The T-shirt - bearing the slogan “Co-ed Band - Do it to the Rhythm” - could only have been outlawed if it incited an actual disruption, the justices said.
But at a time when teens are skirmishing with school officials throughout the country over everything from baseball caps to nose rings to proposed uniforms, last Thursday’s decision seemed unlikely to put to rest the decades-old war over what is appropriate dress in a public school.
Karen Northrup, whose 16-year-old daughter was forbidden from wearing a nose ring to Carver High School in Boston, said she would sieze on the decision to try to have her daughter reinstated to the school, nose ring and all.
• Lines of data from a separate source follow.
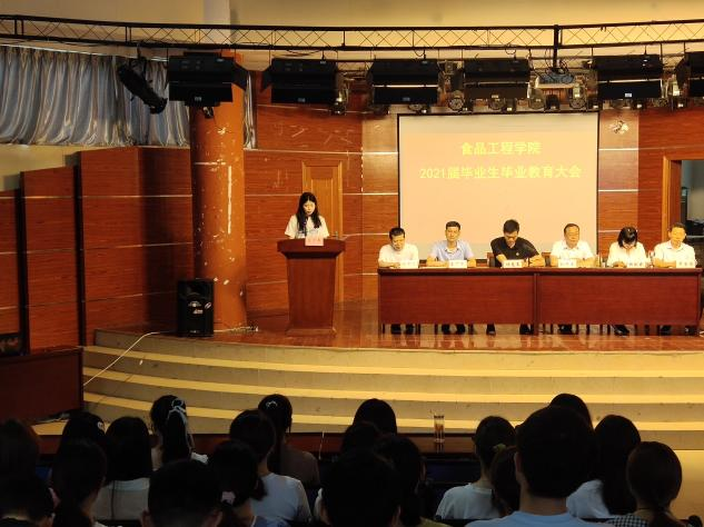 6月3日上午,食品工程学院于学术报告厅召开2021届毕业生毕业教育大会。食品工程学院党委书记付光玺、院长杜传来、副书记王广良、副处级辅导员开金苗、研究生辅导员桑宏庆、教师代表杨剑婷博士出席会议。食品工程学院全体辅导员、2021届全体毕业生以及在校生代表参加会议,会议由付光玺主持。
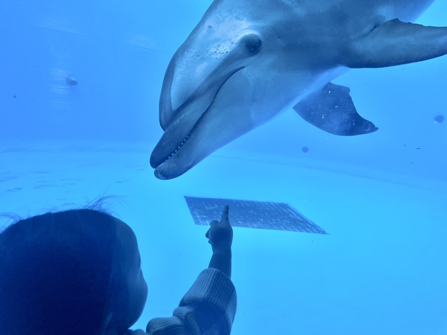 閉園間際のイルカの水槽は贅沢にも貸切状態となり、2頭のイルカたちが代わる代わる目の前に顔を合わせに回遊してくれる大サービス付きで、娘も息子も大喜びでした。
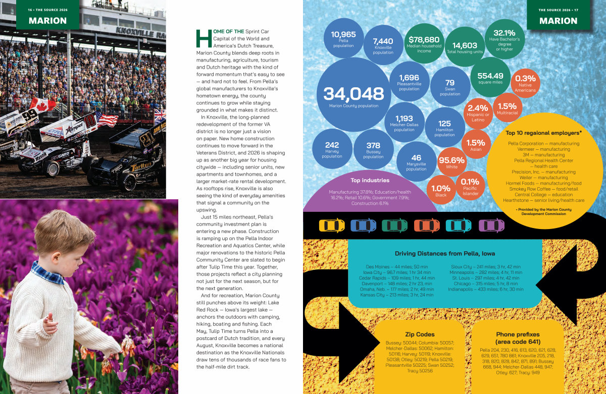 HOME OF THE Sprint Car Capital of the World and America’ s Dutch Treasure, Marion County blends deep roots in manufacturing, agriculture, tourism and Dutch heritage with the kind of forward momentum that’ s easy to see— and hard not to feel. From Pella’ s global manufacturers to Knoxville’ s hometown energy, the county continues to grow while staying grounded in what makes it distinct.
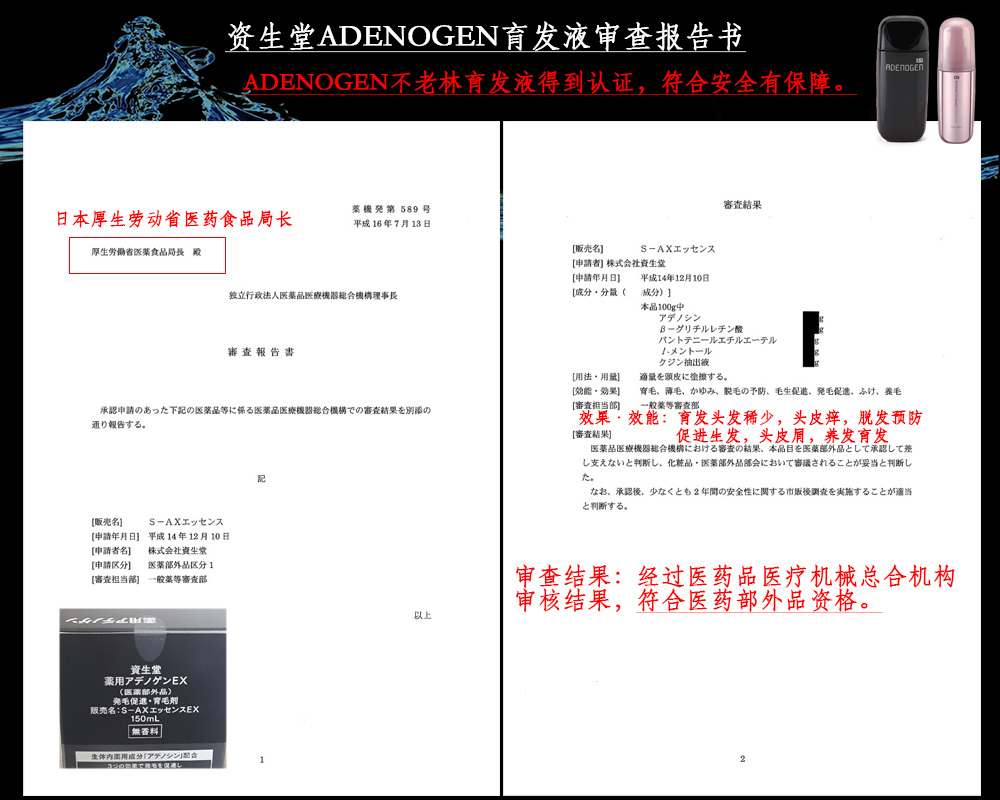 日本原装资生堂不老林ADENOGEN黑色加强版密发生发育发液头皮精华
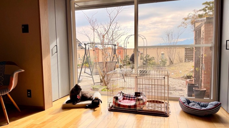 ワンちゃんが過ごすお部屋は南向きの広いリビングですお庭と繋がっている為 ご希望のワンちゃんは外リビングでも過ごして頂けます。 お昼寝や寝室はリビング奥の静かな環境にケージも設置してあります。 日頃愛用しているベットや布団など持ち込み可能ですのでご相談下さい。
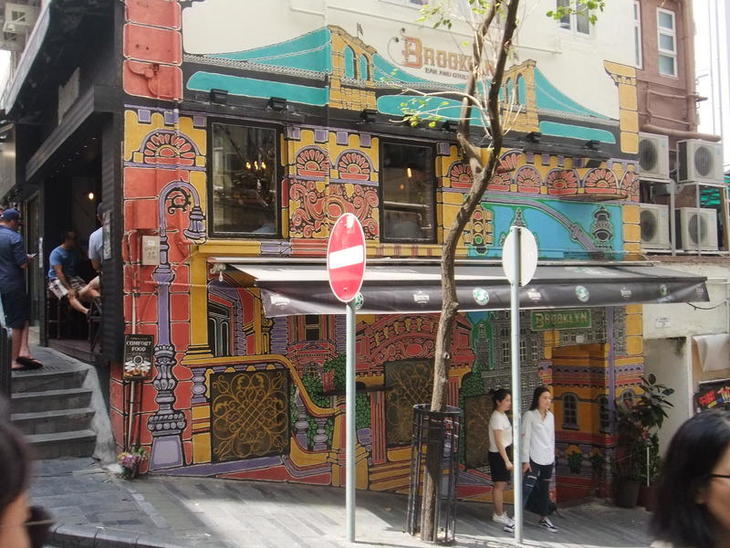 レストランの壁の絵と言えば、もう1つあります。嘉咸街と士丹頓街(Staunton Street)の交差点に「Brooklyn」というレストランについてです。こちらも側面の壁はブルックリンをイメージした絵柄です。
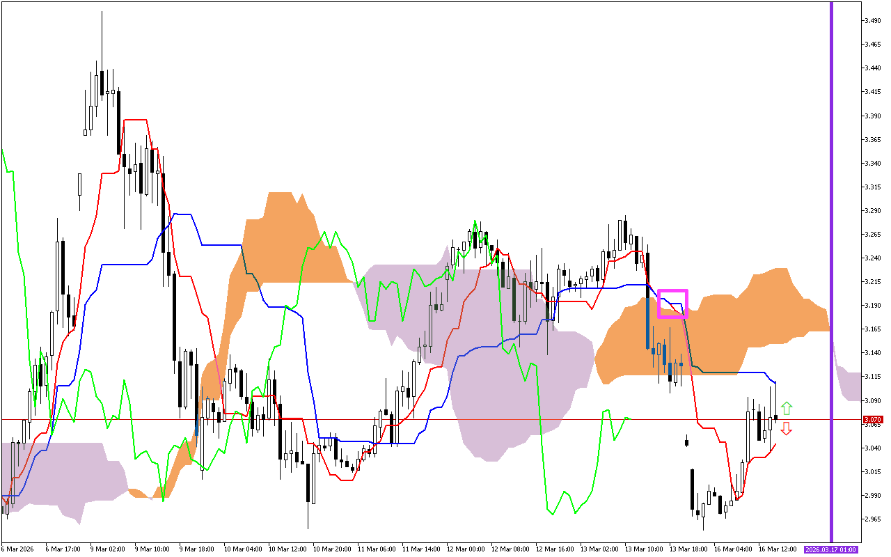 Laini Chikou wa ni isalẹ idiyele lọwọlọwọ.
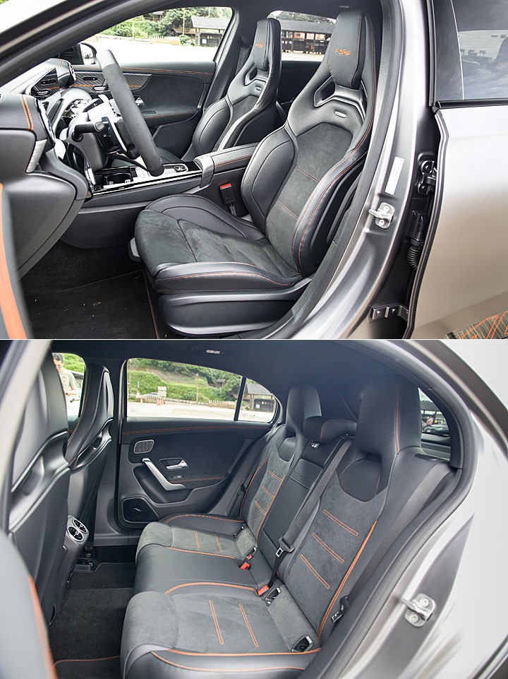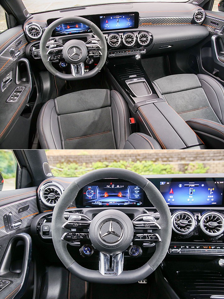内饰部份,A 45 S 4Matic+透过选配 Street Style Edition 套件后,亦呈现出极为浓郁的战斗风格。首先是两张双前座椅皆改采 AMG 高性能赛车坐座椅,除了采用皮质与麂皮相搭之外,并加入了专属的橘色缝线,头枕上方更具备 A 45 S 绣刻字样,另外包含中控台、门板以及中央扶手等处,也全数施以皮质包覆搭配橘色缝线,再加上搭配方格纹图案及橘色 AMG 字样的饰板设定,以及专属的平底跑车化多功能方向盘,使其无论是质感或是视觉效果,都较标准车型更上一层。

Northrup’s daughter, Casie, spent last year at a public school in Plymouth. But Northrup has been notified that now she must either move to that town or send her daughter back to Carver High without the nose ring.
“It a form of expression, just like when I was younger, long hair was a form of expression,” Northrup, 39, said. “I think we have a fighting chance because of this new precedent.”
Others said the court’s decision guaranteed free speech - not free dress - and that schools could continue to ban clothing as long as they did not ban the sentiments depicted on it.
“If the school had said they weren’t allowing any T-shirts, I don’t think it would be an issue,” said Robert V. Antonucci, the state’s commissioner of education. For example, some schools have banned all hats, he said.
The South Hadley controversy started innocently enough in 1993 when Jeffrey Pyle, the newly-elected drum major of the marching band, wore the shirt his mother had given him for Christmas.
When his gym teacher ordered him to turn it inside out, Pyle, now a senior at Trinity College in Hartford, refused.
He and his younger brother, Jonathan, then set out to protest the school’s dress code by wearing other T-shirts deemed offensive. They sued the school system later that year and lost in federal court.
But a federal appeals court threw out that verdict and asked the state’s high court for an opinion based on the state’s Free Expression Law. That opinion is not binding, but lawyers said the federal appeals court is likely to heed it.
The justices’ decision harkened back to a precedent set in federal court in 1969, when the court ruled that students in Des Moines could wear black arm bands to protest the war in Vietnam.
William C. Newman, the lawyer who brought the case on behalf of the Pyles and the Civil Liberties Union of Massachusetts, said the goal of the suit was to get school officials to talk to students or parents about offensive clothing rather than banning it outright.
“Censorship is the last resort, not the first reaction,” Newman said. “If the teacher talks to the student, that would solve the problem most of the time.”
South Hadley school officials and the former principal of the high school declined comment last week, saying they had not had time to read the ruling.
State Rep. John C. Klimm (D-Barnstable), the author of a bill that would authorize public school districts to impose dress codes, including mandatory uniforms, said the court’s decision would galvanize support for his measure.